La casa de Andrés era una casa de dos plantas con cuatro habitaciones, dos baños y un jardín en el que jugaba con mi amigo cuando yo era un niño.
Allí vivían sus padres, el abuelo y él.
Una de las estancias a la que llamaban el salón tenía una chimenea y cerca de ella un sillón. En él veía sentado a su abuelo. Me sonreía. Tendría unos ochenta años, era calvo y con bigote. A mi abuelo lo había visto pocas veces, así que adopté al abuelo de Andrés cómo mío. Me siguió gustando su sonrisa y la luz de sus ojos cuando me di cuenta de que entre historia e historia caía algún que otro increíble relato, que ahora llamaríamos ciencia ficción.
De pronto un día dejó de estar. Oímos que había sido de repente, en el sillón rojo, en el que se sentaba siempre. Entonces, imaginé que, de la misma manera que había desaparecido, podría aparecer. Y mientras Andrés y yo crecíamos me fui dando cuenta de que el abuelo no aparecía y que lo de «de repente» había sido una frase hecha, de esas que a los mayores les gusta tanto. Después de unos cuantos años. Yo por entonces le llegaba al padre de Andrés por el hombro. El sillón rojo volvía a tener un ocupante: la tía Amelia. Era tía de Andrés desde hacía poco, bueno, yo no la había visto nunca. Ella había estado viviendo entre París y Berlín, aunque siempre decía que la ciudad más bonita que había visto era Brujas; los canales se congelaban en algunos inviernos, se podía caminar sobre ellos y en verano podías disfrutar de una ciudad llena de colores que esparcían sublimes olores.
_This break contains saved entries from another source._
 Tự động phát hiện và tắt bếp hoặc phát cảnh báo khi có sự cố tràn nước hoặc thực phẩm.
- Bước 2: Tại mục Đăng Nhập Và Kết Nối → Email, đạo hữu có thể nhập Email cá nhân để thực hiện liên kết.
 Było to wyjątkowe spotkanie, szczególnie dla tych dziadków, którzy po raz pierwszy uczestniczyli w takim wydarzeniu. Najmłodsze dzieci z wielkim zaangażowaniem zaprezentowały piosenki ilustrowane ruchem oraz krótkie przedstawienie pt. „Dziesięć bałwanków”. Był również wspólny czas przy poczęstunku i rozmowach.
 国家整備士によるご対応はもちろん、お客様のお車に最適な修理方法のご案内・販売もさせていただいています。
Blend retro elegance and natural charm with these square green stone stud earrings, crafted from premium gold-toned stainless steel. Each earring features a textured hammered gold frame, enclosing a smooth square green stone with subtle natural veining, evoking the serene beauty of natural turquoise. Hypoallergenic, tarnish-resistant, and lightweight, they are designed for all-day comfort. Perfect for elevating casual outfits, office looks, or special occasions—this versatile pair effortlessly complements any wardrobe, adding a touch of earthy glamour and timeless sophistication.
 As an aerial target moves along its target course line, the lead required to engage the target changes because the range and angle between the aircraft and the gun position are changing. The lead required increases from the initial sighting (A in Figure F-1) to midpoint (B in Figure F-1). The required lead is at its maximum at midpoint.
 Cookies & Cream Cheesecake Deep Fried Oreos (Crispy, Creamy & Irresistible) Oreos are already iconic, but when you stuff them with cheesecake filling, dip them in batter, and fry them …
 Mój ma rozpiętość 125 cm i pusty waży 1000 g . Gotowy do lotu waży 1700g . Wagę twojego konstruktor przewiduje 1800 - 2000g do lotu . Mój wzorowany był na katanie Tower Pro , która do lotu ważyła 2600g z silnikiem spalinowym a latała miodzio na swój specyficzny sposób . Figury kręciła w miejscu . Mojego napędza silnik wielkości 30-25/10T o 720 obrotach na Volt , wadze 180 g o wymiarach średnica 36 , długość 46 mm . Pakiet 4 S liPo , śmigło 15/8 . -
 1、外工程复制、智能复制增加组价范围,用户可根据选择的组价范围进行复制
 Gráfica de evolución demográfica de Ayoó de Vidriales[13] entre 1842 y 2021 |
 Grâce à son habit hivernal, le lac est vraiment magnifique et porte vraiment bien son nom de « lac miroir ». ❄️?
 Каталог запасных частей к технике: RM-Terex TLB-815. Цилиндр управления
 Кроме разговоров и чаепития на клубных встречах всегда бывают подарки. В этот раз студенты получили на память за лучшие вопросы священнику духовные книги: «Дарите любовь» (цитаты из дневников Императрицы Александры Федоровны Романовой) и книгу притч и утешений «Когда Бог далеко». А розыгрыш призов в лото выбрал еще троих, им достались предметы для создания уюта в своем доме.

Andrés y yo escuchábamos su vida mientras veíamos cómo su cuerpo adelgazaba poco a poco hasta que de nuevo el sillón apareció vacío. Había que ir al entierro y a un funeral, entonces yo tenía quince años.
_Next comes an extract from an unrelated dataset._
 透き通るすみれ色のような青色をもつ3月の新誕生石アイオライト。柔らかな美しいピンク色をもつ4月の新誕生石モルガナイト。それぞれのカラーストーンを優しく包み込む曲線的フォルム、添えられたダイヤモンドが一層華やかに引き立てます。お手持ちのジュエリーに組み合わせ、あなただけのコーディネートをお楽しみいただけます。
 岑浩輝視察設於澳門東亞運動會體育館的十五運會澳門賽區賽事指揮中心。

Dos años más tarde, nuestras familias fueron a despedirnos a la estación. Íbamos a la universidad. El padre de Andrés era un hombre alegre. Algunas veces su espontaneidad le daba el aspecto de hombre sencillo y bonachón. Desde siempre congeniaron mi padre y él.
Cuando se jubilaron, casi cada tarde después de cenar jugaban al ajedrez rodeados del característico olor a tabaco de pipa que señalaba la presencia de papá, como decía mi madre. Ahora echo de menos ese olor, me recuerda tantas cosas, sobre todo el viejo sillón; papá se sentaba en él, aquel sillón que parecía estar hecho para morirse. Ahora está tapizado de granate y cada tarde veo a Andrés, a mi amigo, sentado en él.